There's another applicable statistic here: if we consider the synoptic
gospels collectively, we could do a Wald-Wolfowitz Runs test. That is, you
take all the GThom sayings in order (all 114 or 156 or whatever of them).
For each saying write "A" if it has no synoptic parallel, and "B" if it has
any synoptic parallel. You then have a sequence of letters like
AABABAABBBABBBBAABAABB... or maybe, as Renee suggested, something more like
AAAAAAAAAABBBBBBBBBBAAAAAAAAAAAABBBBBBBABBBB.
The idea of Wald-Wolfowitz is
that if the order is random, then consecutive runs of the same letter
should not be very long (the longer the run, the rarer it should be). This
test can be found in standard statistics books such as Blalock.
Using this kind of notation with, say, I = no parallel, M = Markan
parallel, N = Special Matthew parallel, L = Special Luke parallel, Q = Q
parallel, then H0 above could be expressed something like this: GThomas =
IIMMMMMMMMMMIIIIQQQQQQQQQQIIIIIINNNNNNNNIIIIIIIIIIMMMMMMMMMIII
I assume that special rules will be needed, e.g. triple tradition material
will always be recorded as 'M', etc.
Dear Bob:
In the JS alphabet M = special Matt & K = Mark/par. One should also add
a J for John. Using the marginal source/parallel table in 5G Thomas for
distinct aphorisms rather than the standard calculation of Thomas'
"sayings" (many of which are compounds), one gets the following pattern:
JQIIIKKIQQIMKKLIIIIQKIQIIIKIQKKIIKJIQIIIIJLMQQKKQIIJQMMKIIKQQQLKKIIIII
QQKIMIIIIQQIIMLKQKKKIQQQIJLQIIMQIIQLIIIIIIQIIQMQQIMQQQKIIKKQQQIKIIK
QIMIIIIQI
I did not double-check the published "source" list to see how close the
parallels really are or whether a Q parallel is closer to QM or QL or,
in the case of Mk-Q overlaps, which the Thomasine saying is closer to.

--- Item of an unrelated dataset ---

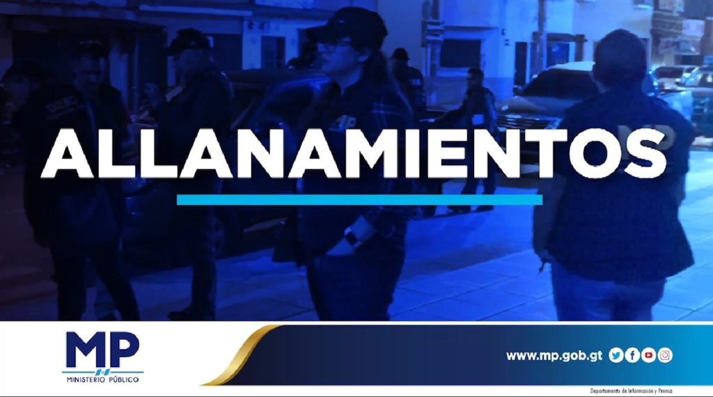 La Unidad de Bancos de la Fiscalía contra el Crimen Organizado del Ministerio Público (MP) desarrolla tres diligencias de allanamiento en inmuebles ubicados en las zona 1 y 8 de Mixco, y zona 21 de la ciudad capital.

(Many of the K parallels are the oft repeated "whoever has ears to hear"
-- always in a context not found in Mark).
So this list is in need of fine tuning. But it is sufficient to make the
point that other than independent sayings GThom rarely has 3 (& never 4)
sayings in tandem with a parallel in the same "source." This would be
true even if one removed the sayings special to GThom. That would
produce this sequence:
JQKKQQMKKLQKQKQKKKJQJLMQQKKQJQMMKKQQQLKKQQKMQQ
MLKQKKKQQQJLQMQQLQQMQQMQQQKKKQQQKKQMQ
Moreover, wherever there are tandem sayings with parallels in the same
source, they are almost never from the same context in that source. This
clearly demonstrates the randomness of sayings in GThom.
As for H0 (the null hypothesis: "Thomas was formed by copying
selected sayings from first one synoptic gospel, then another..."): No
one who has ever bothered to compare the wording of GThom sayings with
canonical parallels could ever seriously propose this. Even a
superficial reading of GThom proves that its sayings are not "copied"
from any canonical text.
Shalom!
Mahlon
|
Date: Sat, 14 Nov 1998 02:36
From: Mahlon H. Smith
To: Mark S.Goodacre
CC: Crosstalk
Subject: Thomas Gospel & Q
Jeff Peterson wrote:
I was actually thinking of three kinds of relationship between Q and
Thomas one finds suggested in the literature:
1) The generic relationship that Mark mentioned (Q and Thom as
"Sayings Gospels," unlike the canonicals)
2) The common theological milieu to which these texts attest, an
alternative to Pauline-Nicene crucified-and-resurrected Messiah
Christianity
3) The literary relationship between Q or a proto-Q and Thomas or
proto-Thomas.
Steve [Davies] contests whether the latter relationship has in fact
been mooted in the following (written at 9:40 PM 11/12/98!):
"Q1 evolves into Q2, Thomas into Thomas2 which have now
taken on entirely different ideological trajectories.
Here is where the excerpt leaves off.